NewsS&P 500 surges 7% as Trump brings tariff relief

S&P 500 surges 7% as Trump brings tariff relief

The S&P 500 index surged more than 7% following President Donald Trump's decision to adjust tariffs. The U.S. President announced a 90-day suspension of tariffs for all countries except China, where tariffs were increased to 125%. A rumor from two days prior turned out to be accurate.

Donald Trump shakes global markets
Donald Trump shakes global markets
Images source: © Getty Images | Bloomberg

The announcement on Wednesday evening confirmed that tariffs on China would rise to 125%, while tariffs for other countries would be suspended for 90 days. The American stock market responded enthusiastically. Investors welcomed this decision with open arms.

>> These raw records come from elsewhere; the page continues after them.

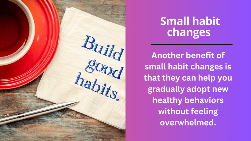 Another benefit of small habit changes is that they can help you gradually adopt new healthy behaviors without feeling overwhelmed. For example, if you want to start exercising regularly, start by incorporating a short walk into your daily routine and gradually increase the duration and intensity of your workouts.
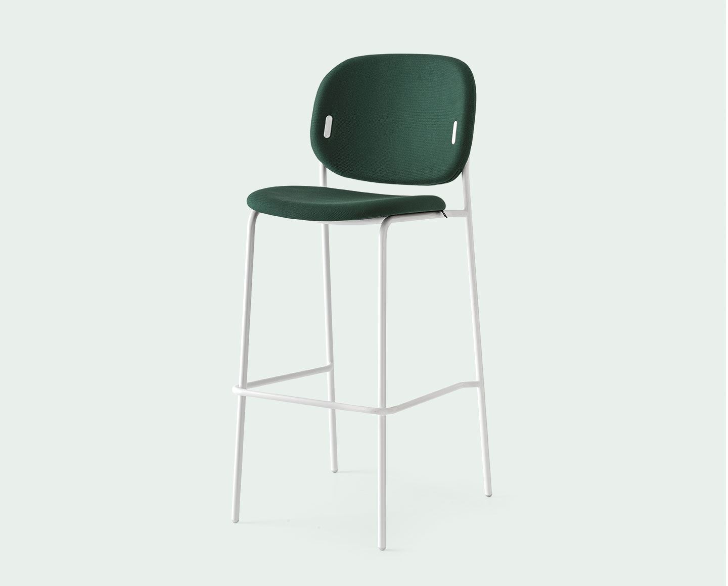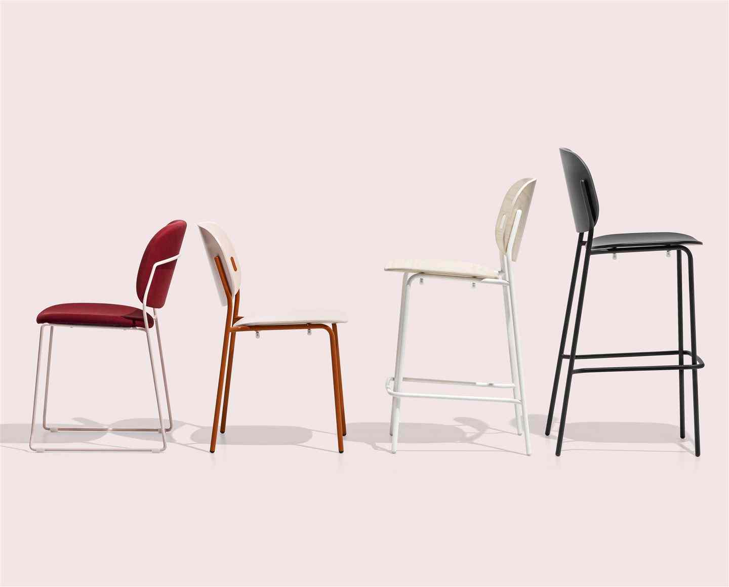 YO! Stool with seat and backrest either in wood, padded material or polypropylene. It boasts a standout backrest fastening featuring a colourful decorative plate attached to the surface and made to match the base.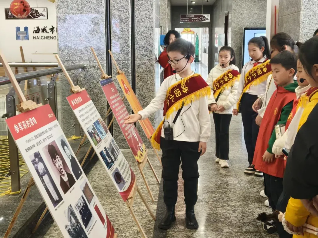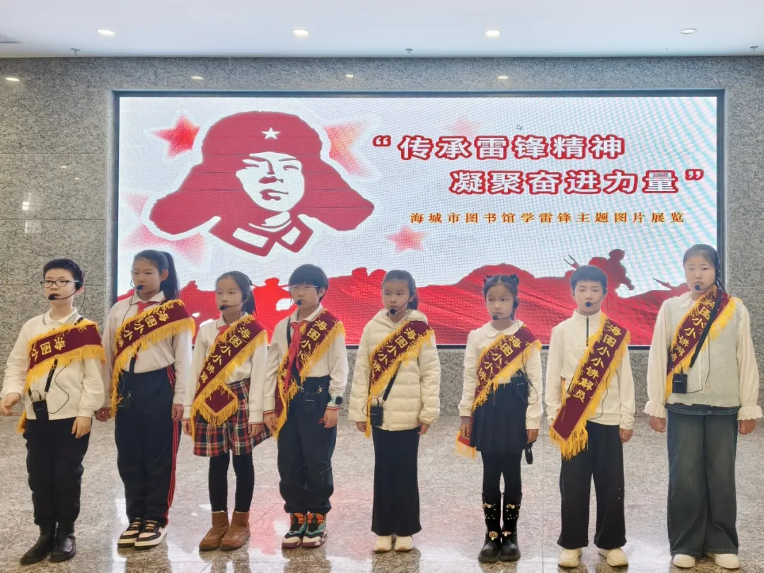 3月7日上午,海城市图书馆二楼共享大厅暖意融融。海图小志愿者们身着统一志愿标识,以饱满的热情投身学雷锋主题图片展志愿讲解服务中,用稚嫩而坚定的童声讲述雷锋故事,以实际行动传承榜样精神。

The S&P 500 index climbed 7% to exceed 5,300 points, marking the largest single-day increase in the index over the past five years. Similarly, the Dow Jones Industrial Average jumped 5.7%, also experiencing its largest gain since 2020. The Nasdaq Composite soared 8.8%.

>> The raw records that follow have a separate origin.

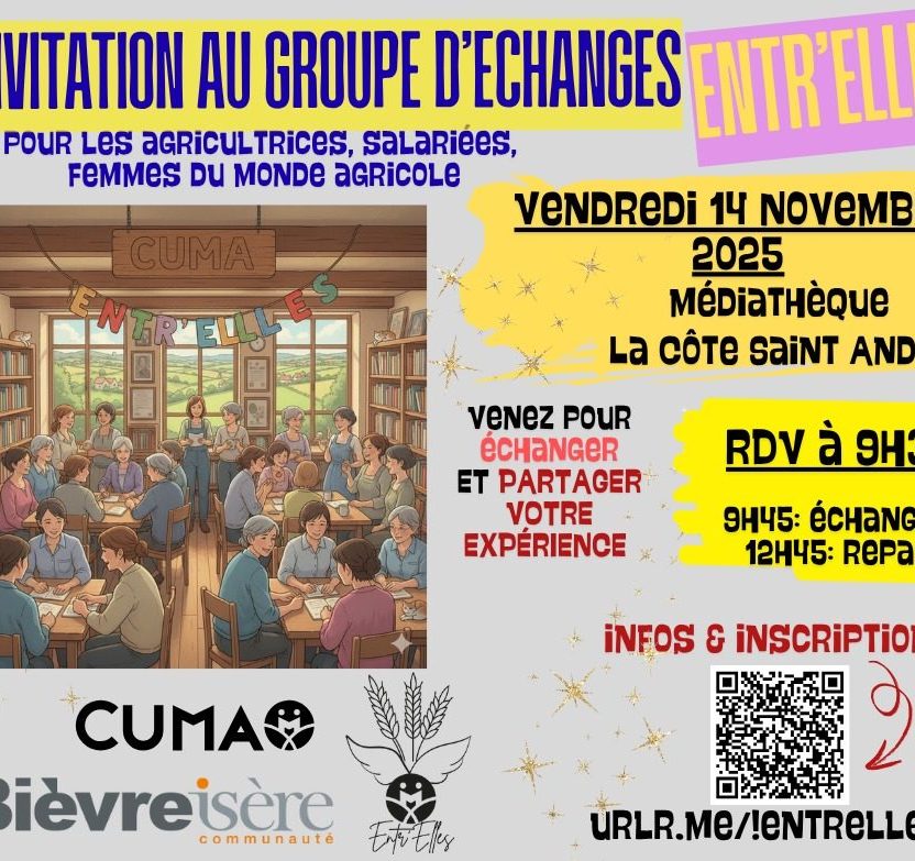Ainsi, à l’initiative d’un groupe d’agricultrices du réseau CUMA, une rencontre vous est proposée pour échanger sur ces questions.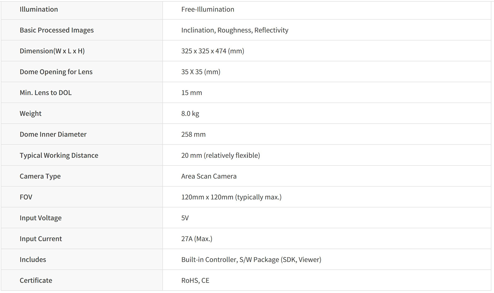 ระบบแสงพิเศษที่มีทั้ง Dome Light และ Coaxial Light ในตัวเหมาะสำหรับพื้นผิวที่มีความมันวาวสูง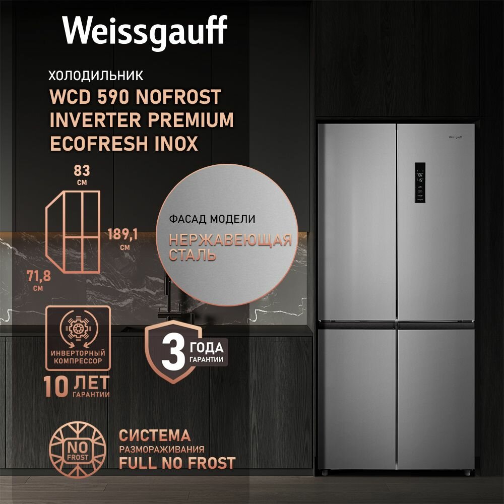 Отдельностоящий холодильник с инвертором Weissgauff WCD 590 Nofrost Inverter Premium Ecofresh Dark Inox 97 990 ₽ Подробнее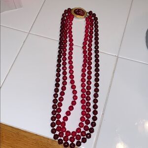 Vintage 60s/70s three layer red plastic bead necklace Excellent vintage condition Length is 22”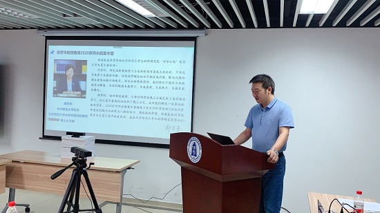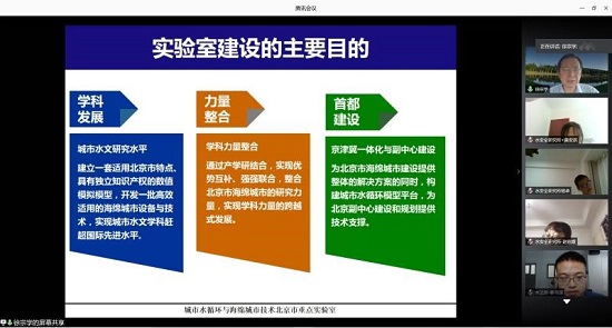 7月9日下午,由潘成忠副院长主持,刘冀萍副书记对学院丰富多彩的学生活动进行了介绍,徐宗学主任对城市水循环与海绵城市技术北京市重点实验室进行了介绍,王金生主任对教育部地下水污染控制与修复工程研究中心进行了介绍。随后开展了云参观实验基地活动,未来科学城管委会阚茜工程师和北京市水科学技术研究院于磊高工就海绵城市未来科学城实验基地进行了视频介绍和沙盘讲解,岳卫峰所长、翟远征副教授、通州基地王树芳副主任在工程中心通州基地给同学们带来了一场云参观试验基地的体验。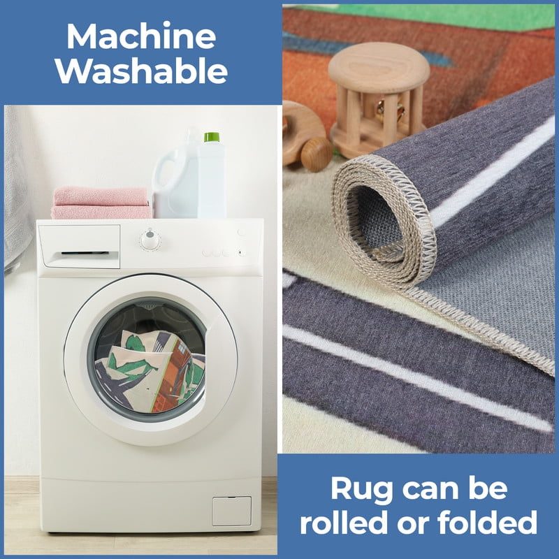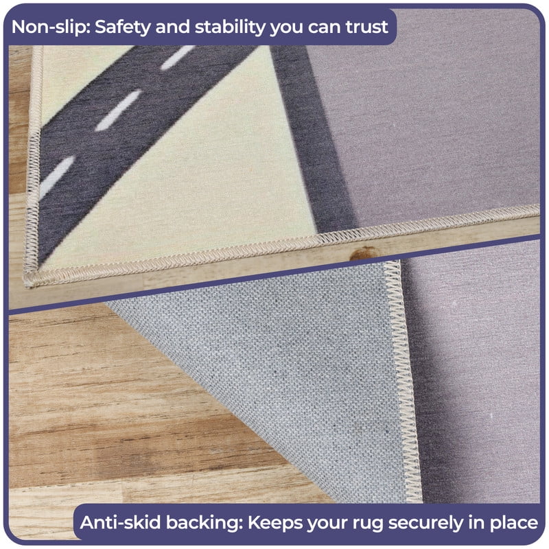 No Crafted from 100% Polyester Features a charming town scene with roads, buildings, and vehicles on a cream background Interactive town map design with roads, buildings, and playful details encourages imaginative play and storytelling No Rug Pad Needed: Features a non-slip backing for enhanced safety and convenience Coordinates with a variety of kids’ room themes while adding a pop of personality and style Easy to Store: Rolls or folds up compactly, perfect for small spaces or seasonal storage Ideal for busy households with kids and pets, perfect for living rooms, kid’s rooms, playrooms, nursery, daycare, schools, family room, hallways, and bedrooms Machine washable for effortless cleaning. For long-lasting results, we recommend to wash separately in cold water. Tumble dry low. Keep in mind creases upon unfolding will naturally flatten out over time. Always follow care label for best results We’re committed to make products safer for you and safer for the world; STANDARD 100 by OEKO-TEX certified; Every component of this product has been tested and verified free of harmful substances and produced sustainably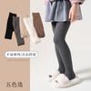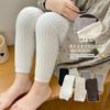 Leggings para niñas con forro polar, de color liso, de talla mediana y grande, con rayas verticales, pantalones de una pieza gruesos y cálidos para niños.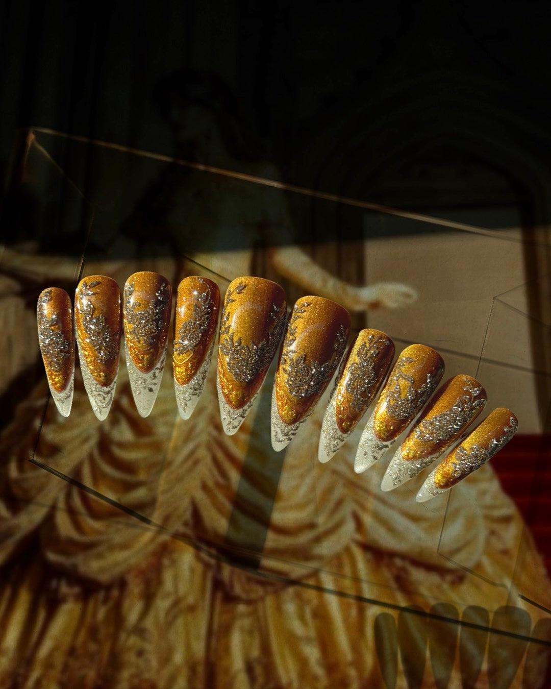 Ballroom Gown – Intricate Lace over Layered Gold Nails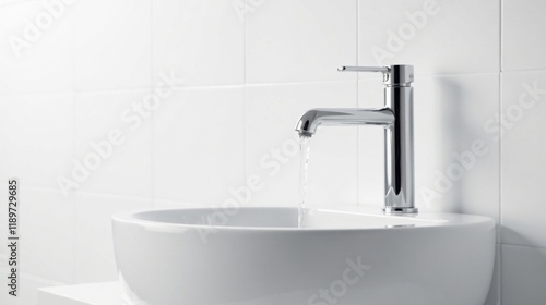Clean modern chrome faucet pouring water into a pristine white basin against a bright tiled backdrop

On the American stock exchange, shares are rebounding for companies that previously suffered significantly due to the trade war initiated by Donald Trump. Apple saw a 7% increase, Nvidia climbed 10%, and Walmart rose 9%.

"I have authorized a 90 day PAUSE:" Trump shakes the markets again

"Based on the lack of respect that China has shown to the World’s Markets, I am hereby raising the Tariff charged to China by the United States of America to 125%, effective immediately," Trump wrote in a post on his social media platform Truth Social.

"Conversely, and based on the fact that more than 75 Countries have called Representatives of the United States, including the Departments of Commerce, Treasury, and the USTR, to negotiate a solution to the subjects being discussed relative to Trade, Trade Barriers, Tariffs, Currency Manipulation, and Non Monetary Tariffs, and that these Countries have not, at my strong suggestion, retaliated in any way, shape, or form against the United States, I have authorized a 90 day PAUSE, and a substantially lowered Reciprocal Tariff during this period, of 10%, also effective immediately," he added.

Thus, the information from Monday, which the White House quickly dismissed as a rumor, was indeed true. Two days ago, international sources including Yahoo Finance, the Times of Israel, and the Economic Times, via the Reuters agency, reported that Trump was considering a 90-day tariff break, except for China. And although the information only "lived" for 7 minutes, it sparked a significant market surge.

"This is a great time to buy!"

A few hours earlier, Trump assured on Truth Social: "BE COOL! Everything is going to work out well. The USA will be bigger and better than ever before!"

This post coincided with the opening of the Wall Street stock exchange. In another post, he stated: "This is a great time to buy!" He reiterated sentiments from a few days earlier, aiming to soothe investors' concerns.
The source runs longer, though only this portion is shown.